Editorial

Breaks in the System

  • Just in time for Halloween, the Ghosts of CSU Council Past line up to haunt the JB hearings. Graphic Clément Liu

The way that student governance at this school is supposed to work—on paper anyway—makes sense:
You have your council, your chair, your secretary and your student media informing students about the politics of the day. Together, everything runs smoothly and above-board. This is how the democratic process works, theoretically.

The way that student governance at this school is supposed to work—on paper anyway—makes sense:
You have your council, your chair, your secretary and your student media informing students about the politics of the day. Together, everything runs smoothly and above-board. This is how the democratic process works, theoretically.

But when a cog breaks down, students lose. And when all the cogs break down it becomes the boondoggle we saw last week.

The first cog to break was the union.

For starters, some councillors appear to not be doing their jobs. With five spots on a 27-person council unfilled, students are already under-represented. Then, when another four councillors don’t bother to show up to the meetings, or decide to simply sign the roll call, grab a slice of pizza and take off without even saying goodbye, you have to ask: how seriously are they taking this job?

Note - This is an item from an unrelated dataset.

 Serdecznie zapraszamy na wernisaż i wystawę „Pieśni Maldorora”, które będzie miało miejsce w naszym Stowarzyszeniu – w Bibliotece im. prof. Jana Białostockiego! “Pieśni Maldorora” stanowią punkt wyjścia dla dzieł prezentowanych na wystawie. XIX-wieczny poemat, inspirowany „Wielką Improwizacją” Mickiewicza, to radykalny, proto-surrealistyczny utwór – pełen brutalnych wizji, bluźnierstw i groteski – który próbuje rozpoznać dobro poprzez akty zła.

A healthy council features a balanced representation of students. Currently, an entire faculty at Concordia—the John Molson School of Business—is not being represented. Right now there are three JSMB members on council who are one missed meeting away from being ejected. If they miss one more before the byelection rolls around at the end of November, there will be nine empty seats.

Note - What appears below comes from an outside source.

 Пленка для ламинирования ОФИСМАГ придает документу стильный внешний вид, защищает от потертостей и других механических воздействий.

That’s one-third of council gone.

Another broken cog involves the executive team that came into power on a platform of transparency—yet can’t manage to get their minutes or numbers online. It’s been four months and counting since students got their last update.

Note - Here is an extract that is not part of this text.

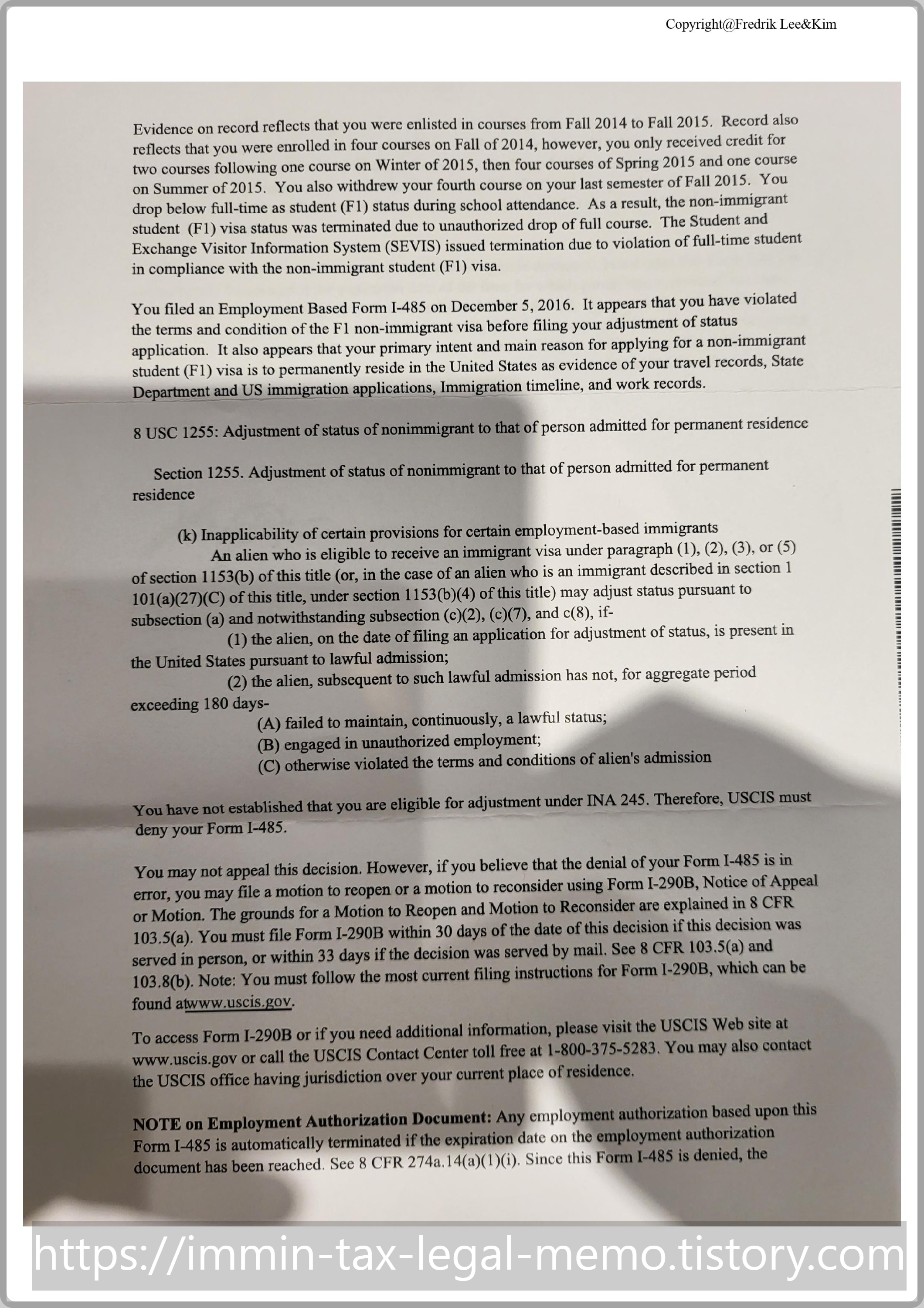 Evidence on record reflects that you were enlisted in coursed from Fall 2013 to Fall 2015. Record also reflects that you were enrolled in four courses on Fall of 2014, however, you only received credit for two courses following one course on Winter of 2015, then four coursed of Spring 2015 and one course Summer of 2015. You also withdraw your fourth course on your last semester of Fall 2015. You drop below full-time as student (F1) status during school attendance. As a result, the non-immigrant student (F1) visa satus was terminated due to unauthorized drop of full course. The Student and Exchange Visitor Information System (SEVIS) issued termination due to violation of full-time student in compliance with the non-immigrant student(F1) visa. [요약: 학생비자 해당 기간에 허락없이 full-time으로 학업을 유지하지 않아서 - 처음 4과목 신청했으나 결국 학기당 2과목 이하로 수강 -- 이민법상 학생비자 요건을 위반 했다.] You filed an Employment Based Form ... It appears that you have violated the terms and conditions of the F1 non-immigrant visa before filing your ... application. It also appears that your primary intent and main reason for applying for a non-immigrant student (F1) visa is to permanently reside in the United States as evidence of your travel records, State Department and US immigration application, Immigration timeline, and work records. [요약: 영주권 신청 전에 학생비자 요건을 위반 했고, 너의 학생비자 신청의 주요 동기가 -- 모든 관련 기록들을 볼때 -- 미국에 영주하려는 것으로 보인다] |

The student union documents are notoriously unkempt, undermining the students’ ability—and their right—to easily access what has happened at the highest governing student body.

This week was a prime example of how important good documentation is. When the union searched for proof of the legitimacy of the Chief Electoral Officer Bram Goldstein and his predecessor Oliver Cohen, they came up empty.

No record of Cohen’s resignation can currently be found on paper, and this document is necessary to legitimize Goldstein’s role—as well as the entire byelection slated to take place at the end of the month.

Also, it’s worth noting that there must have been a better way to handle what has become a CEO-gate.

If, a few months ago, there had been any indication whatsoever that the appointment of Goldstein was questionable and didn’t follow procedure—which CSU President Lex Gill admitted—the CSU should have given him a heads up.

Goldstein deserved the courtesy of knowing his job was on the line. It’s quite simply the decent thing to do. Finding out three weeks before a byelection is shitty timing for everyone.

Finally, it’s imperative that students are aware of all of the shenanigans going down on council. One of the best ways to access the meetings is the online live-stream provided by CUTV—well, it used to be.

The stream promised to offer students unfettered access to council meetings, giving them the ability to keep both councillors and the executive accountable, in addition to keeping the union technologically up-to-date.

And if somehow, the minutes go missing, having a record of the meetings on the CUTV website becomes even more crucial to democracy at this school.

The initiative started as a ‘pilot’ but the live broadcasts need to continue if CUTV deserves any more student money for their fee levy.

CUTV has stated that training their volunteers and creating programming is their number one priority, but it is imperative they film these meetings. It is fundamental to the democracy at Concordia and should also be fundamental to their mandate.

Let’s not forget that CUTV had to fight hard for permission to air live broadcasts of council in the first place. They cannot take their duty to students for granted in this regard.

While CUTV claims that filming council is a “side project,” that their equipment is burnt out and that their funding goes to programming, they need to prioritize filming the meetings—their live-streams were an essential service for our democracy and has revolutionized the accessibility of student governance.

What it comes down to is that the public record should be more than just in-session tweets from our Editor-in-Chief.

The cogs are broken, but it’s still early enough in the year to deal with these issues before the machine breaks down entirely.